## Exercise directions
Type out the whole listing again exactly, pictures omitted.

===============

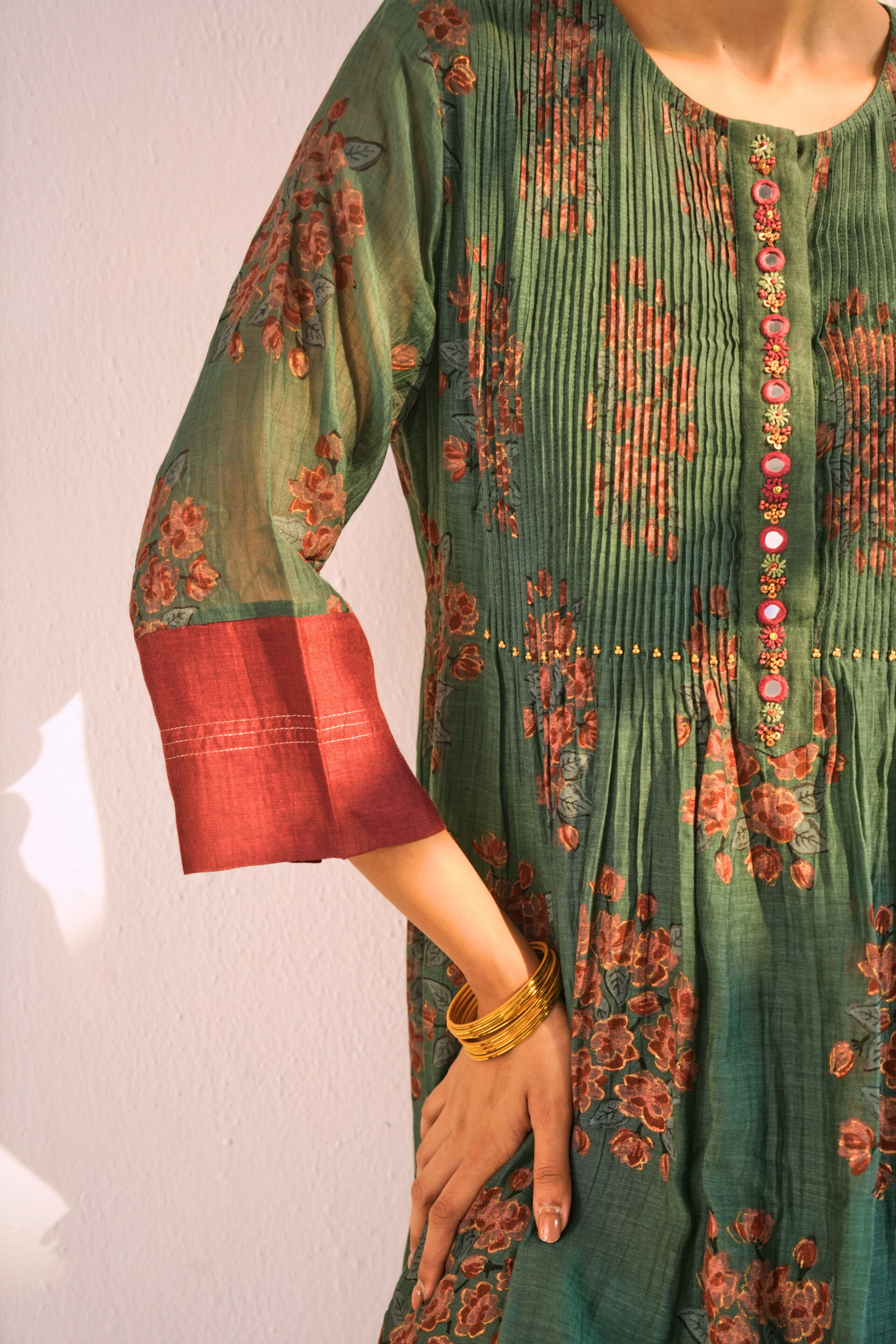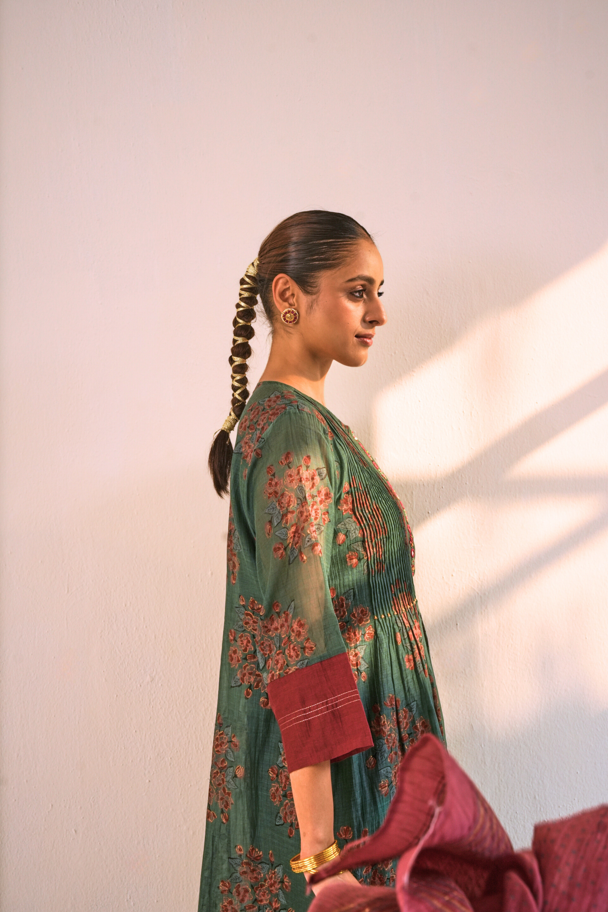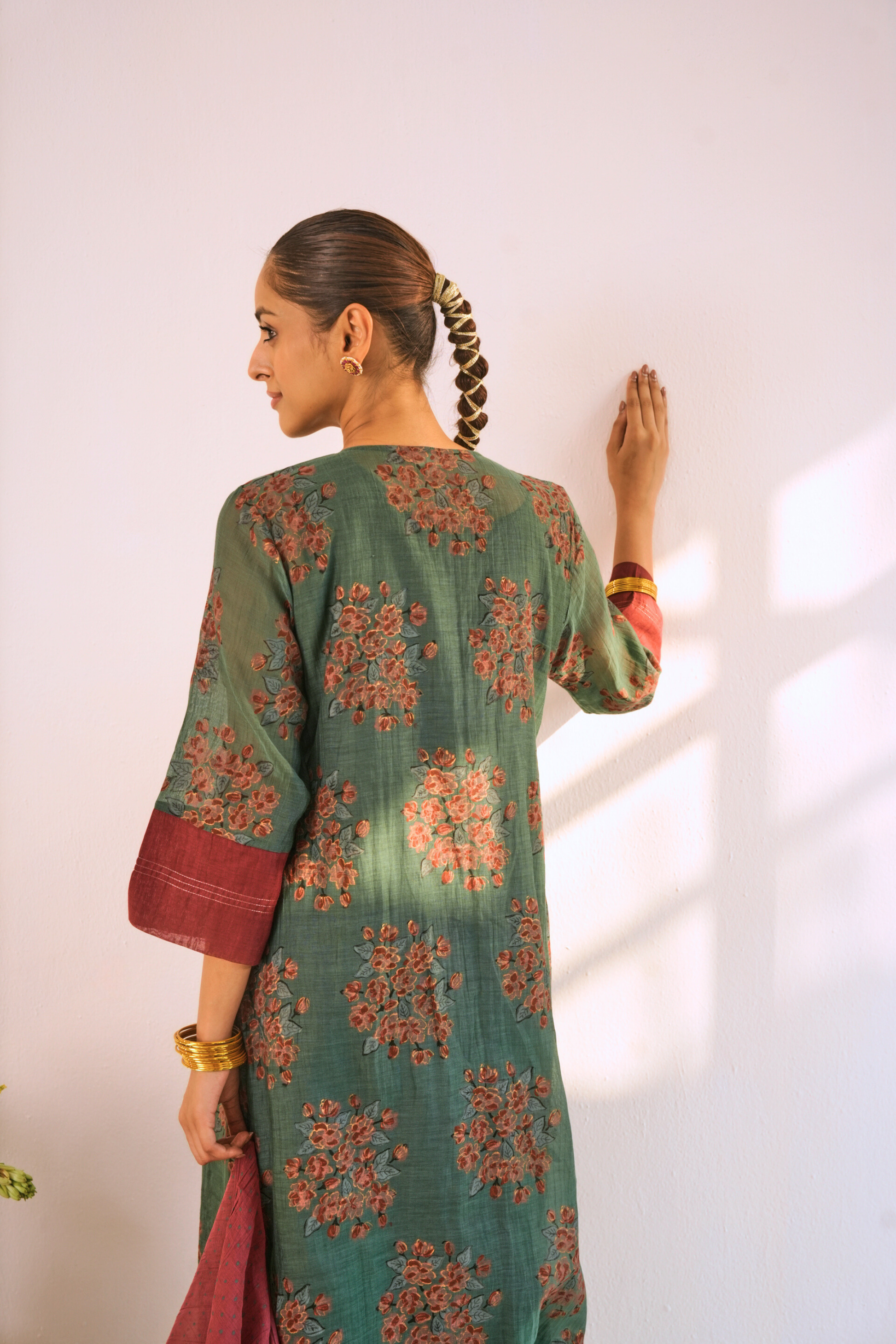 Mogra aqua hand block printed pintuck chanderi kurta set (set of 3)
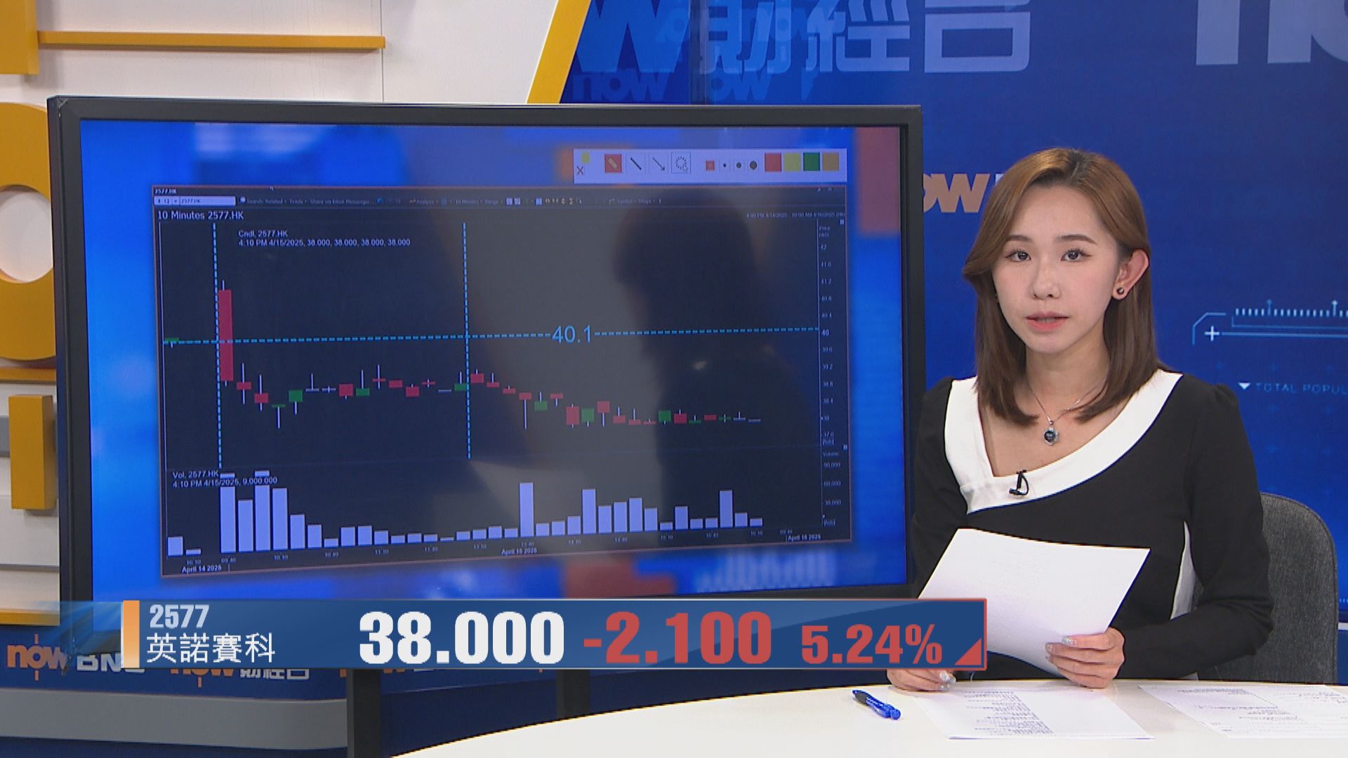 【Now財經台】半新股英諾賽科(02577)主要研製氮化鎵產品,股價今早(15日)高開逾2%後,好快就掉頭向下,仲愈跌愈多,收市跌逾5%,以全日低位38元收市,成交股數較過去100日同時段平均增70%。
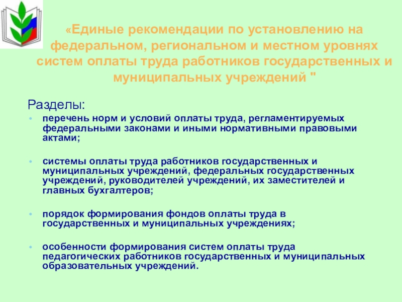 системы оплаты труда работников государственных и муниципальных учреждений, федеральных государственных учреждений, руководителей учреждений, их заместителей и главных бухгалтеров;
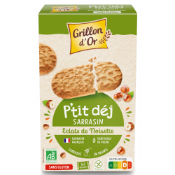 farine de sarrasin 20% ,amidon de maïs ,beurre frais 19% ,sucre de canne ,noisettes toastées 11% ,tapioca ,farine de soja ,sirop de riz ,sel ,poudre à lever : bicarbonate d ammonium
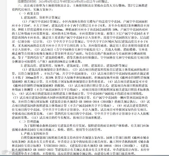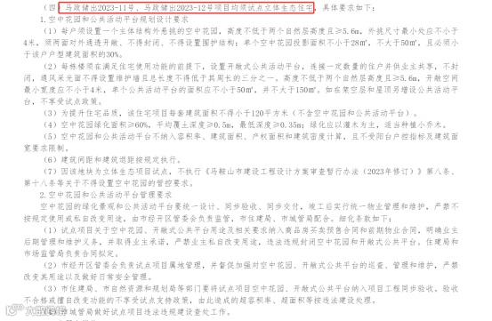 马鞍山是安徽省第二个推出试点项目的城市,去年10月马鞍山挂出马政储出2023-11号和马政储出2023-12号两宗地块,其中就明确须试点立体生态住宅,而且对第四代住宅有详细细则。
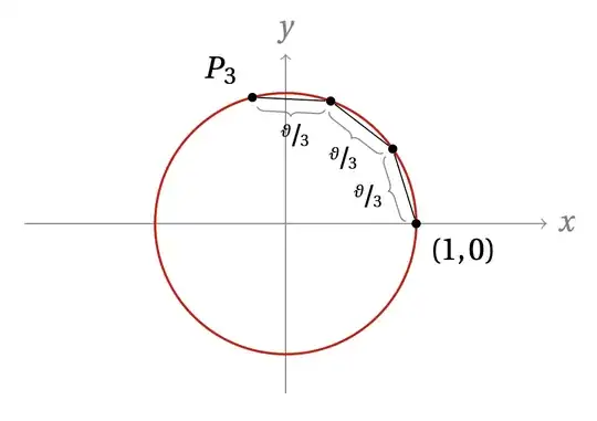 Now, if you divide the length $\theta$ by a given constant $n$ and create a sequence of multiple tail-to-tip chords, then you have $n$ points on the unit circle from $P_1$ to $P_n$ and the total length [of all chords] remains $\theta$.

===============

## Completed exercise
 Mogra aqua hand block printed pintuck chanderi kurta set (set of 3)
 【Now財經台】半新股英諾賽科(02577)主要研製氮化鎵產品,股價今早(15日)高開逾2%後,好快就掉頭向下,仲愈跌愈多,收市跌逾5%,以全日低位38元收市,成交股數較過去100日同時段平均增70%。
 системы оплаты труда работников государственных и муниципальных учреждений, федеральных государственных учреждений, руководителей учреждений, их заместителей и главных бухгалтеров;
 farine de sarrasin 20% ,amidon de maïs ,beurre frais 19% ,sucre de canne ,noisettes toastées 11% ,tapioca ,farine de soja ,sirop de riz ,sel ,poudre à lever : bicarbonate d ammonium
 马鞍山是安徽省第二个推出试点项目的城市,去年10月马鞍山挂出马政储出2023-11号和马政储出2023-12号两宗地块,其中就明确须试点立体生态住宅,而且对第四代住宅有详细细则。
 Now, if you divide the length $\theta$ by a given constant $n$ and create a sequence of multiple tail-to-tip chords, then you have $n$ points on the unit circle from $P_1$ to $P_n$ and the total length [of all chords] remains $\theta$.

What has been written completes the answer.